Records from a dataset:
--

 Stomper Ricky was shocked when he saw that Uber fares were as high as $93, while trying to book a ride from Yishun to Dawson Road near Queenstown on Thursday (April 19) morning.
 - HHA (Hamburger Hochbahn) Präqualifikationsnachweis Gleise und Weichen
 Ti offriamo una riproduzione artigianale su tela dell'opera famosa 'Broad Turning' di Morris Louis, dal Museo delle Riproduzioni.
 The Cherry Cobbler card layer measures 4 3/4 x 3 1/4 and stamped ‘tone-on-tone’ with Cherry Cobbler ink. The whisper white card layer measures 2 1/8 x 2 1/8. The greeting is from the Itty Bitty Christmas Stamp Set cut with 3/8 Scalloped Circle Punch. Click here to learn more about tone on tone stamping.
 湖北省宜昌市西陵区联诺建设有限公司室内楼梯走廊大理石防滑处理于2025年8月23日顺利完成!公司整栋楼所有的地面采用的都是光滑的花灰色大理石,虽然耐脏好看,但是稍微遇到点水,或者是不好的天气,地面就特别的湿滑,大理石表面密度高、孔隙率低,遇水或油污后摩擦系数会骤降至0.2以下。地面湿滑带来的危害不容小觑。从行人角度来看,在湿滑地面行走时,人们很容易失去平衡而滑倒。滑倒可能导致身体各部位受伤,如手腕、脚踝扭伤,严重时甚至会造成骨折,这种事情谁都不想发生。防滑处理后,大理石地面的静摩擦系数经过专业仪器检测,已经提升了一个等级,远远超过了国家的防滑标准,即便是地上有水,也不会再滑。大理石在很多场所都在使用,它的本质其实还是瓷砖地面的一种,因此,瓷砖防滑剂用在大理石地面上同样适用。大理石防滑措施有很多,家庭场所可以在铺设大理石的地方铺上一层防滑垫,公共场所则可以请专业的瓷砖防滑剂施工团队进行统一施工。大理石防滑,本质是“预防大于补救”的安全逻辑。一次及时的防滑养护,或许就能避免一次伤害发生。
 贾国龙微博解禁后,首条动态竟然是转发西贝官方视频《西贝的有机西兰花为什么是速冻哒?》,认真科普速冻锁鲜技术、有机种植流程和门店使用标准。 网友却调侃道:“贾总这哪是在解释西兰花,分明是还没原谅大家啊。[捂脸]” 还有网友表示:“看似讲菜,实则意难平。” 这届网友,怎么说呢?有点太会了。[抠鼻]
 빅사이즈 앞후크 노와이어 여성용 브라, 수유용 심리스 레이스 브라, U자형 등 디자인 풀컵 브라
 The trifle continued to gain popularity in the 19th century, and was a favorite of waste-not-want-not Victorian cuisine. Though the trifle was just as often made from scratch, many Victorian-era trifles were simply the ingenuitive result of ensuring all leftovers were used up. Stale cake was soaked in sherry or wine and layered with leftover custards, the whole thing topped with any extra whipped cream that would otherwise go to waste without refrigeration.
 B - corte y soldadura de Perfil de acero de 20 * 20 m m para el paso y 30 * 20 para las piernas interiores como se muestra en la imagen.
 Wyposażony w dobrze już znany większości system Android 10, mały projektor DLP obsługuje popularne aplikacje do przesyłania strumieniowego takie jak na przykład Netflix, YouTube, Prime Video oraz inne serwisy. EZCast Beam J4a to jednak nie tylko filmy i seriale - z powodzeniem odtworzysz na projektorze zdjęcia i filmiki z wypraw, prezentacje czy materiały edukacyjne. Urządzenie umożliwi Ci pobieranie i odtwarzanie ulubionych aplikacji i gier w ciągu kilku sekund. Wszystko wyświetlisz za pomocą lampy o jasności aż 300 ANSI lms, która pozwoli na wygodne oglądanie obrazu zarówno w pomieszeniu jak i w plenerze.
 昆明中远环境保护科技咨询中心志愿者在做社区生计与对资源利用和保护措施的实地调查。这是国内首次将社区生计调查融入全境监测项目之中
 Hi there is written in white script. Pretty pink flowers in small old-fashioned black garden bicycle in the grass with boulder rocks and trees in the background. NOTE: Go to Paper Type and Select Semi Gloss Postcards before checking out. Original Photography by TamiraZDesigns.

--

To do: Give the records again, complete and exact.

Response area:
 Stomper Ricky was shocked when he saw that Uber fares were as high as $93, while trying to book a ride from Yishun to Dawson Road near Queenstown on Thursday (April 19) morning.
 - HHA (Hamburger Hochbahn) Präqualifikationsnachweis Gleise und Weichen
 Ti offriamo una riproduzione artigianale su tela dell'opera famosa 'Broad Turning' di Morris Louis, dal Museo delle Riproduzioni.
 The Cherry Cobbler card layer measures 4 3/4 x 3 1/4 and stamped ‘tone-on-tone’ with Cherry Cobbler ink. The whisper white card layer measures 2 1/8 x 2 1/8. The greeting is from the Itty Bitty Christmas Stamp Set cut with 3/8 Scalloped Circle Punch. Click here to learn more about tone on tone stamping.
 湖北省宜昌市西陵区联诺建设有限公司室内楼梯走廊大理石防滑处理于2025年8月23日顺利完成!公司整栋楼所有的地面采用的都是光滑的花灰色大理石,虽然耐脏好看,但是稍微遇到点水,或者是不好的天气,地面就特别的湿滑,大理石表面密度高、孔隙率低,遇水或油污后摩擦系数会骤降至0.2以下。地面湿滑带来的危害不容小觑。从行人角度来看,在湿滑地面行走时,人们很容易失去平衡而滑倒。滑倒可能导致身体各部位受伤,如手腕、脚踝扭伤,严重时甚至会造成骨折,这种事情谁都不想发生。防滑处理后,大理石地面的静摩擦系数经过专业仪器检测,已经提升了一个等级,远远超过了国家的防滑标准,即便是地上有水,也不会再滑。大理石在很多场所都在使用,它的本质其实还是瓷砖地面的一种,因此,瓷砖防滑剂用在大理石地面上同样适用。大理石防滑措施有很多,家庭场所可以在铺设大理石的地方铺上一层防滑垫,公共场所则可以请专业的瓷砖防滑剂施工团队进行统一施工。大理石防滑,本质是“预防大于补救”的安全逻辑。一次及时的防滑养护,或许就能避免一次伤害发生。
 贾国龙微博解禁后,首条动态竟然是转发西贝官方视频《西贝的有机西兰花为什么是速冻哒?》,认真科普速冻锁鲜技术、有机种植流程和门店使用标准。 网友却调侃道:“贾总这哪是在解释西兰花,分明是还没原谅大家啊。[捂脸]” 还有网友表示:“看似讲菜,实则意难平。” 这届网友,怎么说呢?有点太会了。[抠鼻]
 빅사이즈 앞후크 노와이어 여성용 브라, 수유용 심리스 레이스 브라, U자형 등 디자인 풀컵 브라
 The trifle continued to gain popularity in the 19th century, and was a favorite of waste-not-want-not Victorian cuisine. Though the trifle was just as often made from scratch, many Victorian-era trifles were simply the ingenuitive result of ensuring all leftovers were used up. Stale cake was soaked in sherry or wine and layered with leftover custards, the whole thing topped with any extra whipped cream that would otherwise go to waste without refrigeration.
 B - corte y soldadura de Perfil de acero de 20 * 20 m m para el paso y 30 * 20 para las piernas interiores como se muestra en la imagen.
 Wyposażony w dobrze już znany większości system Android 10, mały projektor DLP obsługuje popularne aplikacje do przesyłania strumieniowego takie jak na przykład Netflix, YouTube, Prime Video oraz inne serwisy. EZCast Beam J4a to jednak nie tylko filmy i seriale - z powodzeniem odtworzysz na projektorze zdjęcia i filmiki z wypraw, prezentacje czy materiały edukacyjne. Urządzenie umożliwi Ci pobieranie i odtwarzanie ulubionych aplikacji i gier w ciągu kilku sekund. Wszystko wyświetlisz za pomocą lampy o jasności aż 300 ANSI lms, która pozwoli na wygodne oglądanie obrazu zarówno w pomieszeniu jak i w plenerze.
 昆明中远环境保护科技咨询中心志愿者在做社区生计与对资源利用和保护措施的实地调查。这是国内首次将社区生计调查融入全境监测项目之中
 Hi there is written in white script. Pretty pink flowers in small old-fashioned black garden bicycle in the grass with boulder rocks and trees in the background. NOTE: Go to Paper Type and Select Semi Gloss Postcards before checking out. Original Photography by TamiraZDesigns.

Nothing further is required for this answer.